When a user queries a cube that is secured by dimension security, Analysis Services calculates and loads replica dimensions for each unique combination of security roles actually used by the client. For example, if a user is a member of the two roles of plant users and plant administrators, then the final list of permitted and denied members is the combined list. A replica dimension contains all permitted members plus their siblings, their ascendants, and the siblings of the ascendants; the names and properties of members that the client is not permitted to view are removed.

Replica dimensions are unloaded when the dimension (or cube containing the dimension) is processed, Analysis Services is restarted, or role membership changes. Replica dimensions are not unloaded when the client disconnects. This enables replicas to be reused across clients that have the same permissions. Before Analysis Services builds a new replica, it checks to see whether a replica already exists with the same allowed and denied list. If so, the replica is reused. If not, a new replica is created. Analysis Services creates many different replicas if there are a large number of security roles (for example, 100) or if dynamic security is used and each user has a different allowed and denied set. In dynamic security, the list of permitted and denied users is based on a custom MDX statement containing the USERNAME function. Replicas will be shared among users, and with security roles, if the list of allowed and denied member sets are the same.

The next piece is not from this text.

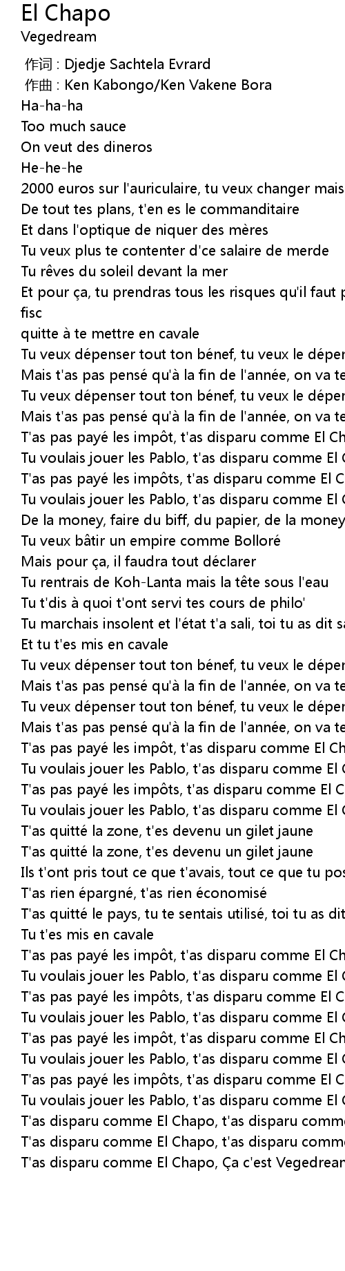 | [00:46.59] | T' as pas paye les imp t, t' as disparu comme El Chapo |

If a cube contains a large number of security roles, combines roles by user, and has a large number of roles that can see all but a few members, replicas can consume a substantial amount of memory on the Analysis server. In this scenario, use cell-level security rather than dimension security to limit the impact of security on performance.

Shadow Dimensions

When Analysis Services processes a dimension, it creates the dimension in memory as a shadow dimension until processing is complete. While Analysis Services is processing a dimension that has been processed before, user queries are resolved against the previously existing dimension in memory until the processing transaction commits. After the dimension is processed, the old dimension is released from memory and user queries are resolved against the newly processed dimension. If dimensions are processed as part of cube processing (as a single transaction), the creation of shadow dimensions can have a major impact on memory if the cube has large dimensions. When the dimensions of a cube are processed as a single transaction, a shadow copy of each dimension is stored in memory until the transaction commits. While Analysis Services loads dimensions larger than the VLDM threshold in a separate process address space, the shadow dimensions are always created in the main process address space.

If the Analysis server has insufficient memory, processing all existing dimensions in a single transaction can fail. All dimensions are processed in a single transaction whenever you click Process all dimensions or Process the database in Analysis Manager, or specifically process all dimensions using Decision Support Objects.

Read-Ahead Buffer

Analysis Services creates a read-ahead buffer during processing for each partition being processed simultaneously. Analysis Services uses the read-ahead buffer when retrieving data from the relational database to maximize data throughput. Asynchronously, Analysis Services loads data from the read-ahead buffer into the process buffer. The Read-ahead buffer size setting in the Server Properties dialog box in Analysis Manager (the ProcessReadAheadSize value in the registry) determines the size of each read-ahead buffer. By default, the size of the read-ahead buffer is 4 MB; experience indicates that the read-ahead buffer is rarely a performance bottleneck.

Process Buffer

Analysis Services creates a process buffer during processing for each partition being processed simultaneously. It uses this buffer for two separate tasks.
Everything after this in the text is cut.